**Given information:**
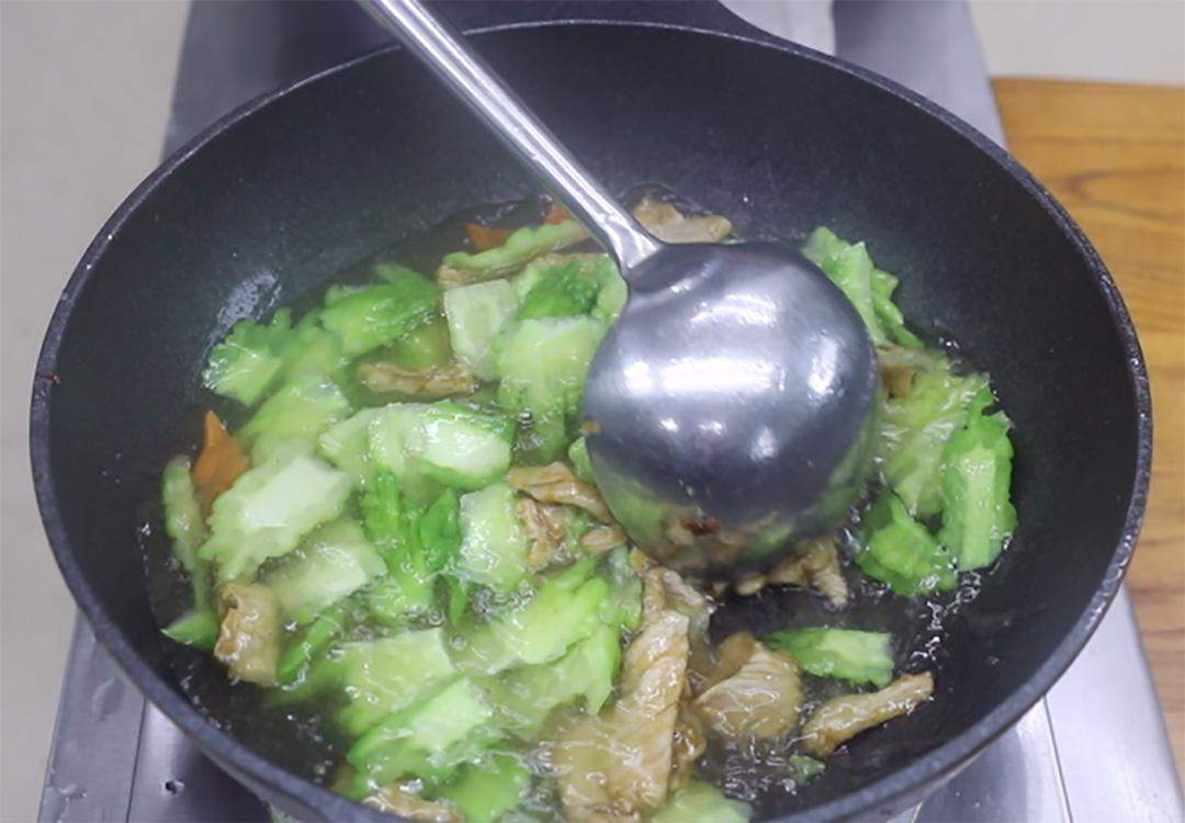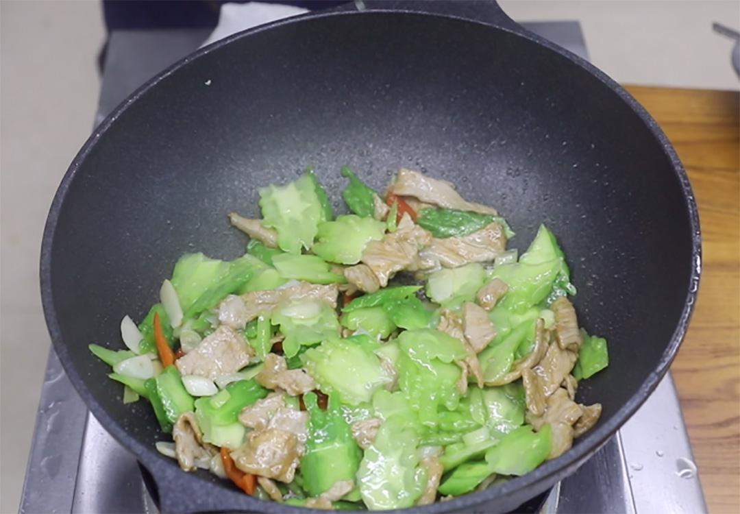5.锅内再烧油,放入葱姜蒜片爆香,沿锅边加入一勺清水,加入适量的食盐、鸡粉、味精,把调料炒散炒化,倒入苦瓜和肉片大火快速翻匀,再淋入一点水淀粉,让料汁更好地包裹在食材上面 ,翻匀以后就可以出锅装盘了。
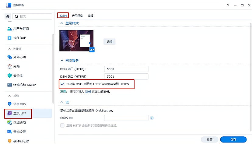 您可以使用以下方法启用 HTTPS DSM 登录使用HTTPS协议,控制面板 > 登录门户 > DSM 以选择自动将 HTTP 连接重定向到 HTTPS 。
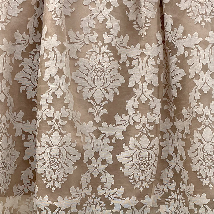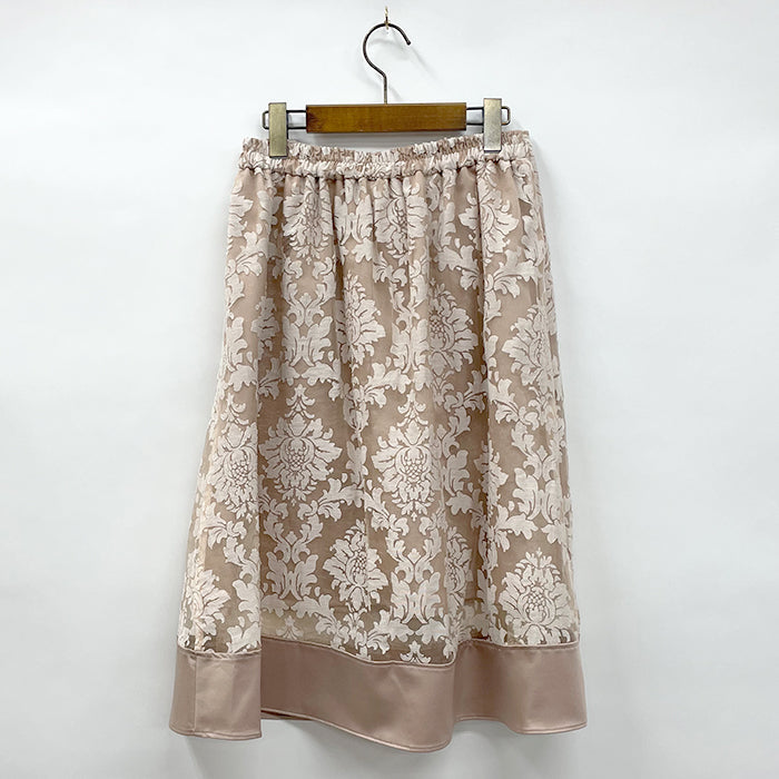 オーナメントモチーフがオーガンジーにプリントされたタックデザインスカート。ハリのある素材感で自然に広がるフレアラインがエレガンスなアイテム。オケージョンシーズンやオンスタイルにおすすめ。
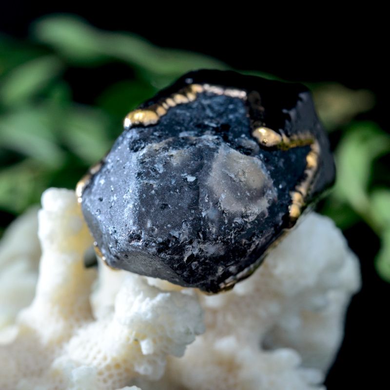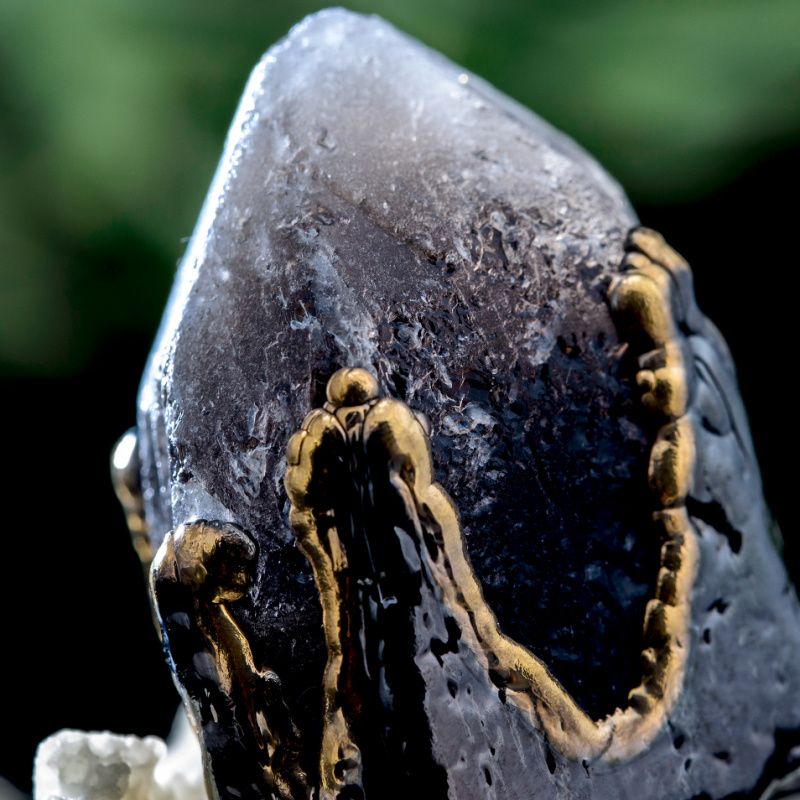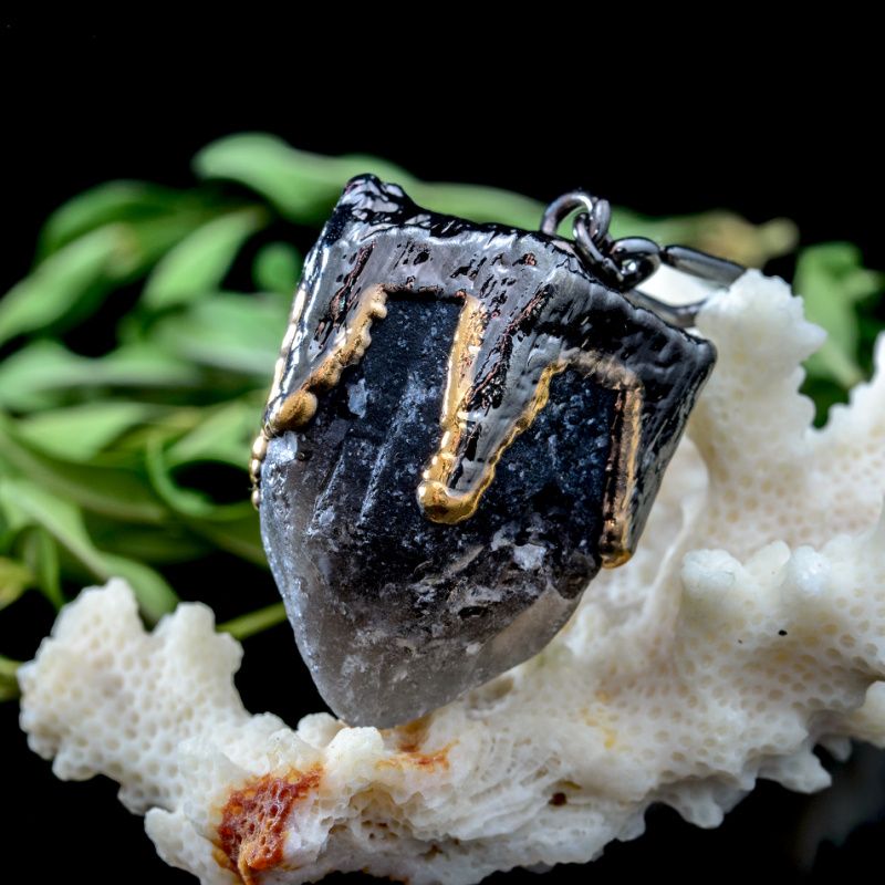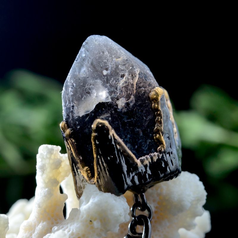 Природний необроблений кристал покритий міддю, нікелем та металом платинової групи – рутенією. Локальне нанесення золота 24 карати. Камінь поцяткований тріщинами і шорсткістю. Кристал з'єднує кілька видів кварців. Усередині знаходиться темний раухтопаз, навколо нього зростав світліший камінь зі світлим кінчиком. Є місце, де камінь дуже світлий і майже прозорий (гірський кришталь). За рахунок злиття всіх мінералів в одному кулоні вони посилюють здібності один одного. Камінь не гранили, не завдавали йому жодної шкоди, він має добру енергетику.
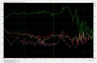 Impedanzgang: Aus dem Impedanzgang kann man einige tolle Sachen ablesen. Mit dem richtigen Mess- bzw. Analyseprogramm lassen die sich sogar ziemlich intelligent darstellen. Man kann (durch Vergleiche) feststellen, ob ein Chassis (besonders TT), eine zwei- oder vierlagige Schwingspule haben, wobei ich persönlich, außer bei Subwoofern, zweilagig vorziehe. Es läst sich z. B. erkennen, ob ein Chassis in irgendeiner Form demoduliert ist, also Kurzschlussringe hat (Notiz für mich: Beispiele bereit stellen). Es sind Resonanzen erkennbar, die aus den verschiedensten Gründen im Frequenzgang nicht auffallen. Also ein tolles Werkzeug - nur nicht um die TSP zu messen. Dafür ist es scheiße.
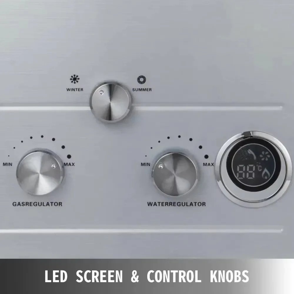 We adopt an LED screen to display real-time water temperature. Gas control knob: rotate it clockwise to increase the gas supply. Water control knob: turn it clockwise to get more hot water. Water temperature ranges from 50 °F to 140 °F.
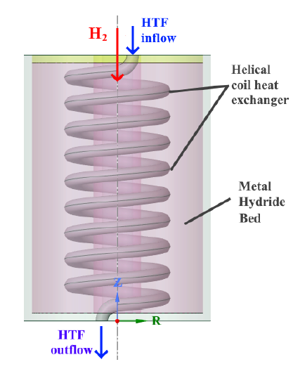2. to conduct a numerical simulation of the heat transfer and hydrogen absorption/desorption process in a metal hydride tank with an accompanying thermal management system.
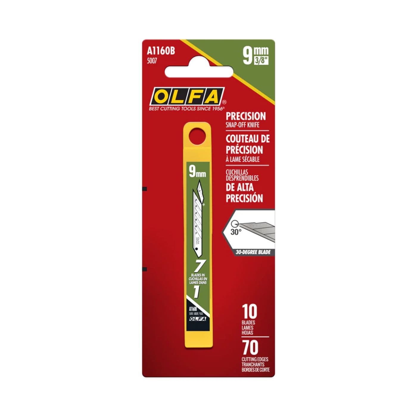 Lames de précision de rechange A1160B pour manche OLFA SAC-1, 9 mm, 10/pqt
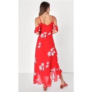 Lulus Love in Bloom Red Floral Print Off the Shoulder High Low Dress Size S New

**Task details:** What you need to retype is every line from the one that has "2. to conduct" through the last line of the listing, both included, with the pictures left out.

**Solution to the problem:**
2. to conduct a numerical simulation of the heat transfer and hydrogen absorption/desorption process in a metal hydride tank with an accompanying thermal management system.
 Lames de précision de rechange A1160B pour manche OLFA SAC-1, 9 mm, 10/pqt
 Lulus Love in Bloom Red Floral Print Off the Shoulder High Low Dress Size S New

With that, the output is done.